A Priori Sensitivity Analyses

  • Effects of whether or not studies allowed multiple sustained inflations

  • Effects of the methodological quality of trials (to ascertain whether studies with high risk of bias overestimated treatment effects)


Consensus on Science


The SysRev identified 10 eligible RCTs including 1502 newborn infants. From analysis of this evidence, the NLS Task Force developed a draft CoSTR that was posted on the ILCOR website for a 2-week public commenting period beginning February 17, 2020. The Justification section was revised to address the public comments.

 

For the primary outcome of death before discharge, evidence of low certainty (downgraded for risk of bias and inconsistency) from 10 RCTs57–66 enrolling 1502 preterm newborns who received PPV for bradycardia or ineffective respirations at birth showed no significant benefit or harm from initiating PPV with sustained inflation greater than 1 second compared with initiating PPV with intermittent inflations lasting 1 second or less.

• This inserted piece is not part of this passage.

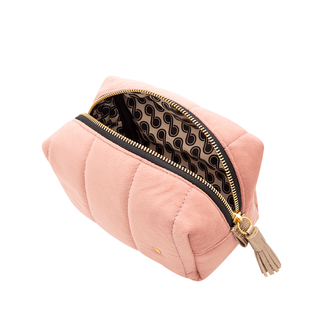 ¡Un accesorio chic que refleja tu buen gusto y amor por los detalles! • Cosmetiquera para mujer en terciopelo color palo rosa • Cierre mediante cremallera con fleco decorativo • Hecho a mano en Colombia.

See Table 2.


For the secondary critical long-term neurodevelopmental outcomes and death at latest follow-up, no studies were identified. The remainder of the secondary
outcomes are reported in
Table 2.

 

Table 2. Meta-analysis of RCTs Comparing Initiation of PPV With Sustained Inflation(s) Greater Than 1 Second Versus Initiation of PPV With Intermittent  Inflations, Last 1 Second or Less per Breath.

 


Subgroup Analysis for Primary Outcome


Subgroup Newborns Less Than 28+0 Weeks.

 

For the critical outcome of death before discharge, low-certainty evidence (downgraded for risk of bias and imprecision) from 5 RCTs57,58,61,62,65 enrolling 862 preterm newborns who received PPV for bradycardia or ineffective respirations at birth showed evidence of potential harm from initiating PPV with sustained inflation(s) greater than 1 second compared with initiating PPV with intermittent inflations lasting 1 second or less per breath (RR, 1.38; 95% CI, 1.00–1.91; I2, 0%; 46 more patients/1000 died before hospital discharge with sustained inflation(s) [0 fewer to 110 more per 1000]). The number needed to harm is 22 (95% CI, 9–1000 or greater).


Subgroup Newborns 28+1 Weeks to 31+6 Weeks of Age.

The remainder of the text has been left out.